At one of my jobs we used to split codfish as a demonstration, and we would pierce the ear cavities and bring out the ear bones to show. They are beautiful indeed, like little feathers made of bone. The Gloucester fishermen used to bring them home to their girlfriends, and they also brought the eye-lenses home for kids to use as marbles.

And it is trendy, at this job, to have someone make the earbones into earrings for you. I've got a pair.

I know, it's weird.
posted by Miko at 8:37 PM on June 12, 2007 [1 favorite]


Here they are. Awesome; I never knew the word 'otoliths'.
posted by Miko at 8:38 PM on June 12, 2007 [1 favorite]

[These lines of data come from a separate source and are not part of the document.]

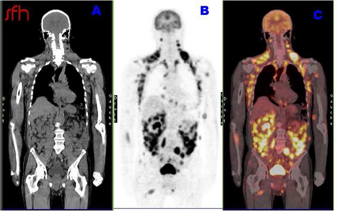 Maxime, 21 ans, étudiant en droit, se présente à votre consultation pour une asthénie trainante et s’intensifiant depuis un mois, responsable d’un absentéisme professionnel. Il a maigri de 5 kg ces trois derniers mois (poids actuel 72 kg pour un poids de forme à 77 kg) et souhaiterait que vous lui prescriviez des vitamines. Il se plaint de démangeaisons sur tout le corps, d’une toux sèche et de lombalgie mal calmée par 4 g de paracétamol. À l’anamnèse, ce dernier vous rapporte une fébricule vespérale à 38,5 °C au coucher disparaissant le matin au réveil. Par ailleurs, il rapporte des sueurs nocturnes particulièrement gênantes. Pas de voyage récent. À l’examen clinique, vous retrouvez des lésions de grattage dans le dos, une adénopathie sus claviculaire droite de 2,5 cm, une adénopathie inguinale droite de 3 cm et une splénomégalie à trois travers de doigt. Son bilan biologique est le suivant : natrémie : 140 mmol/L, kaliémie : 3,9 mmol/L, créatinémie : 73 µmol/L, Hb : 10,3 g/dL, VGM : 85 µm3, globules blancs : 8 G/L avec des polynucléaires neutrophiles à 2,5 G/L, des polynucléaires éosinophiles à 1,7 G/L et des lymphocytes à 2 G/L, plaquettes : 156 G/L, pas de cellules anormales circulantes. La VS est à 82 mm à 1 heure et la CRP 153 mg/L. Au regard de l’anamnèse et de l’examen clinique, vous décidez d’hospitaliser le patient pour élargir les explorations.
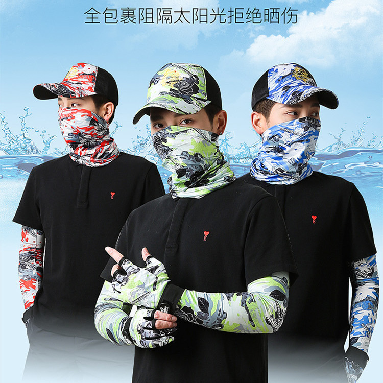 アウトドアスーツ4点セット釣り手袋帽子氷袖マフラーマスク日焼け止め漁具釣り用品
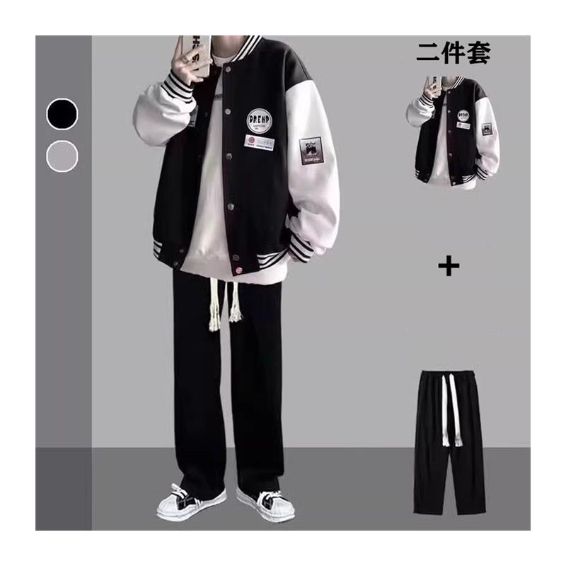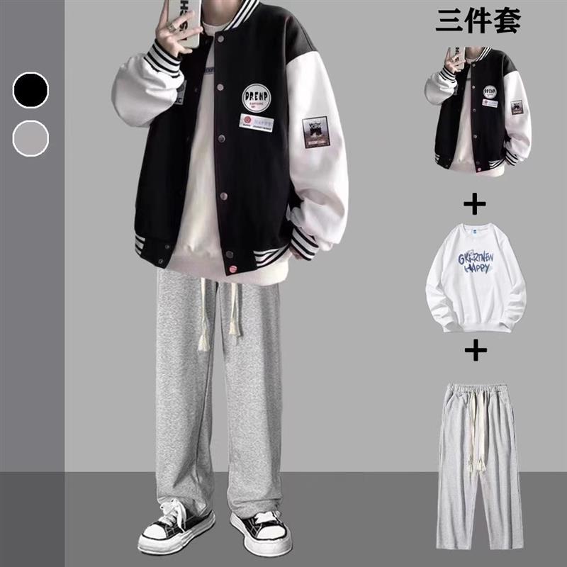 棒球服夹克套装男潮牌加绒加厚休闲外套高中生夹克酷帅穿搭青少年
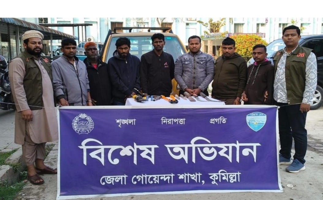 গ্রেফতারকৃতরা হলেন— দাউদকান্দি উপজেলার টামটা গ্রামের ৬টি ডাকাতি মামলার আসামি মো. সাদ্দাম হোসেন (৩২), কোতোয়ালি থানার আলেখারচর এলাকার ৭ মামলার আসামি মো. সুমন (৩০), বুড়িচং উপজেলার ৫ মামলার আসামি মো. নজরুল ইসলাম দুলাল (২৮), ফেনী সদর উপজেলার রামপুর গ্রামের ৬ মামলার আসামি মো. সোলেমান ওরফে রুবেল (৩৫), নোয়াখালীর কবিরহাট এলাকার ৭ মামলার আসামি ফকির আহমেদ ওরফে আলাউদ্দিন (৫৫), লক্ষ্মীপুর জেলার রায়পুর থানার চর আবাবিল গ্রামের ৭ মামলার আসামি মামুনুর রশিদ সোহাগ (৩৫) এবং ভোলার চরফ্যাশন উপজেলার বজলু বাজার গ্রামের ৮ মামলার আসামি মো. শাহীন (২৫)।ডিবি পুলিশ জানায়, জেলার দাউদকান্দি উপজেলার ইলিয়টগঞ্জ বাজারে ১৪–১৫ জনের একটি আন্তঃজেলা ডাকাত দল ডাকাতির প্রস্তুতি নিচ্ছিল। এ সময় ডিবির এসআই পবিত্র সরকার, এসআই তৌকিক হোসেন ও এসআই অর্ণব কুমার সঙ্গীয় ফোর্সসহ সেখানে অভিযান চালান। অভিযানে ৭ ডাকাতকে গ্রেফতার করা হয়। এ সময় তাদের কাছ থেকে ১টি দেশীয় তৈরি এলজি (অস্ত্র), ২ রাউন্ড বারবোর কার্তুজ, ১টি লোহার কাটার, ১টি লোহার হাইড্রোলিক কাটার, ১টি কাঠের বাটযুক্ত লোহার ধামা, ১টি লোহার ছেনি, ১টি লোহার দা ও ২টি ছুরি উদ্ধার করা হয়।
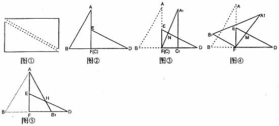 (4)将图②中的△ABF沿直线AF翻折到图⑤的位置,AB1交DE于H,请你猜想线段AH、DH有怎样的数量关系?并证明你的猜想。
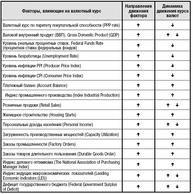 Зависимость направления движения курса валюты от динамики экономических факторов
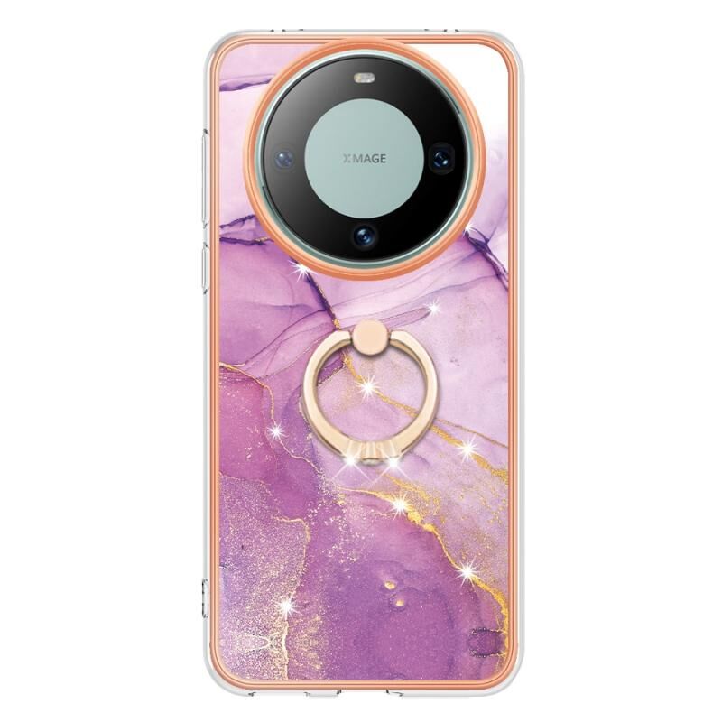 Θήκη κινητού τηλεφώνου Huawei Mate 60 Pro με ηλεκτρολυτική μαρμάρινη τεχνολογία IMD TPU και δακτύλιο στήριξης (Μωβ 001)
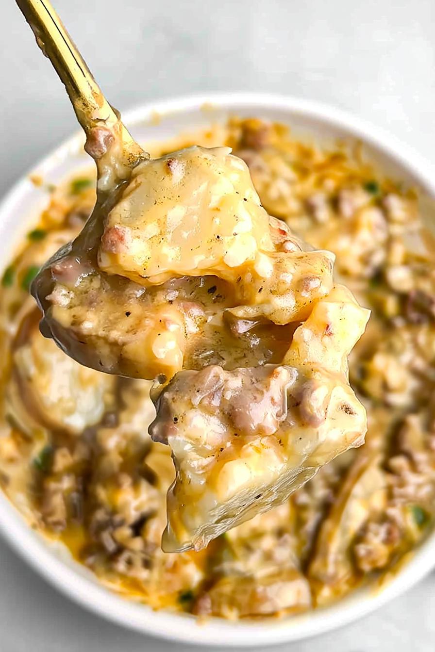 - Sausage and Creamy Hashbrown Casserole – a similarly cheesy potato bake with savory sausage notes

The neatest part is that you can tell how old the fish was from the rings on the bone. Fish can live to be very, very old. (As a vegetarian, I wish one could just ask the fish how old it is, but so it goes.)
posted by lemuria at 8:47 PM on June 12, 2007


Damn you people are fast and amazing. Thanks!
posted by casarkos at 8:56 PM on June 12, 2007


I know at least that in northern Europe, it is popular to eat carp for New Year's dinner. Some considered it good luck if you find the otolith. Some people dry them out and stick them in their wallet with the idea that it will bring them money.
posted by chillmost at 12:56 AM on June 13, 2007


It wasn't good luck for the carp, you know.
posted by mendel at 6:13 AM on June 13, 2007


Amphibians like salamanders have them as well. We used to enjoy asking the students about that one in the anatomy class - but it was damn hard to put a pin in the otolith without breaking it.